Source: What is Windows 365 for Agents?
Building a Computer Use Agent
I won't turn this into a full setup guide. Microsoft has that part well covered, and the real value of this post lives in the scenarios and the lessons learned. But to follow along, you should know the basic building blocks.
In Copilot Studio, Computer Use is a tool you add to your agent, just like any other tool. There are three parts that matter.
The agent itself
Every Computer Use setup starts with a regular Copilot Studio agent. Its general instructions describe the role and behavior, the same way you would for any other agent.

Don't go too much into details or specific instructions about how to interact with your application. Just describe the overall purpose of your agent and what it has to offer.
The Computer Use tool
This is where it gets interesting. You add Computer Use as a tool available to your agent and describe in natural language what the agent should do on the machine and what information to return. No selectors, no recorded UI flows, no brittle automation scripts. Just instructions, as if you were explaining the task to a colleague.

Try to have an eye on the description of your Computer Use tool, because that's what is going to be used by the agent to identify which tool works best for a specific request.

The environment it runs on
Finally, you decide where the agent actually works. Either the Hosted Browser for quick experiments, or a Cloud PC pool powered by Windows 365 for Agents for the full, governed experience we covered earlier.

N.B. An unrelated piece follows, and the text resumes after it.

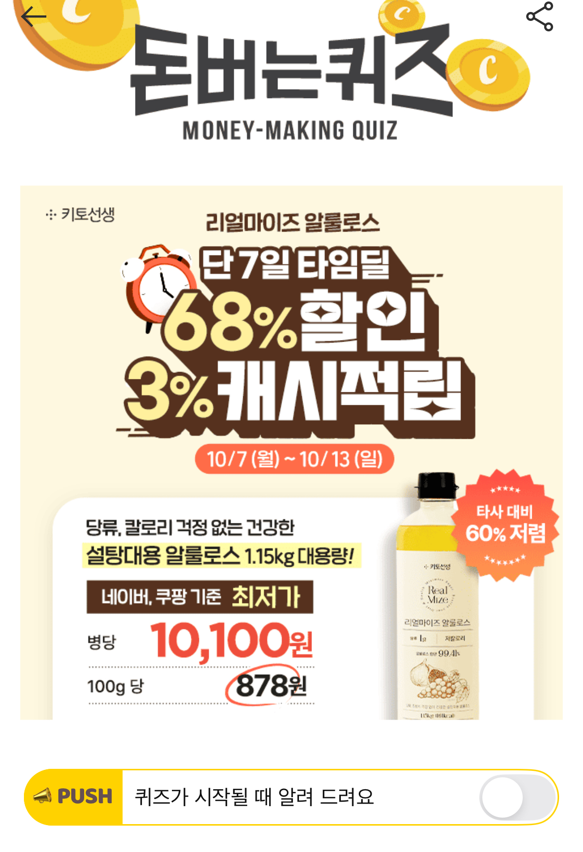 타임딜] 단 7일간 알룰로스 68% 할인 & 1.15kg 대용량 병당 10,100원 (+ 3% 캐시적립) 네이버, 쿠팡 기준 최저가 혜택, 100g당 878원! 당류와 칼로리 가득한 설탕은 그만! 리얼마이즈 알룰로스는 일상 속에서 당류, 칼로리 부담 없이 달콤함을 즐길 수 있는 OO OOO를 찾으시는 분께 추천드려요! OOOOO는 무엇일까요?

That's essentially it. You write instructions, the agent looks at the screen, decides what to click or type, and works its way through the task step by step.
The quality of those instructions is what makes or breaks the whole thing. We'll get to that in detail in the Lessons Learned, but keep it in mind while reading the scenarios. Everything the agent does well (or not so well) traces back to how it was instructed.
Source: Configure where computer use runs
Management
The great thing is that every Windows 365 Cloud PC for Agents is joined to Microsoft Entra and enrolled to Microsoft Intune automatically. That means you can check its compliance status, apply configuration, and deploy applications.

The Scenarios
Here's the thing about Computer Use. If a system offers a solid API or an MCP server, use that. It will always be faster, cheaper, and more reliable than an agent clicking through a UI. Computer Use shines exactly where those options don't exist, in legacy applications that were never built with automation in mind. No API, no MCP, just a login page and a lot of manual clicking. That's the gap Windows 365 for Agents is designed to fill.
To make this realistic, I built Helix ITSM, a fictional ITSM web application that behaves like the legacy tools many of us know from daily business. It has incidents, customers, account managers, and reports. What it doesn't have is any modern integration surface. Perfect, but not perfect đ .
Against this tool, I'll run two scenarios that represent two different flavors of agent work.
Scenario 1: Extracting information
An operations manager needs details about a high priority incident. Which customers are affected, and who is the account manager for each of them? To answer that, the agent will:
- Log in to Helix ITSM
- Find the specific incident on the dashboard and open it
- Walk through every affected customer
- Extract the customer details and their related account manager
- Return the compiled answer to the employee
No data is changed, the agent is purely reading and connecting information that would otherwise take a human several minutes of clicking.
My prompt for that Computer Use tool looks like this.
- Navigate to https://xxx.net/login in Microsoft Edge
- Login using the provided credentions from credential store
- Search for the "Active major incidents" area
- Look for the incident requested by the user
- Check out the "Affected customers" panel
- Click on the first customer
- Look for the "Relationship manager" panel in the top right
- Note down the name and mail adress of that relationship manager
- Navigate back and repeat that for every customer left
- Return those as structured data "Customer Name", "Relation Ship Manager Name", Relation Ship Manager Mail Adress"
A request for that agent could be the following.
Search for the incident INC0010300 on the Helix ITSM Dashboard. Look for the relation ship manager assigned to each customer. I want to know the name and mail adress for each manager, so I can start investigation and escalation. Format the information requested as table.
The result is exactly what we were expecting. A well formatted table with information about the requested incident.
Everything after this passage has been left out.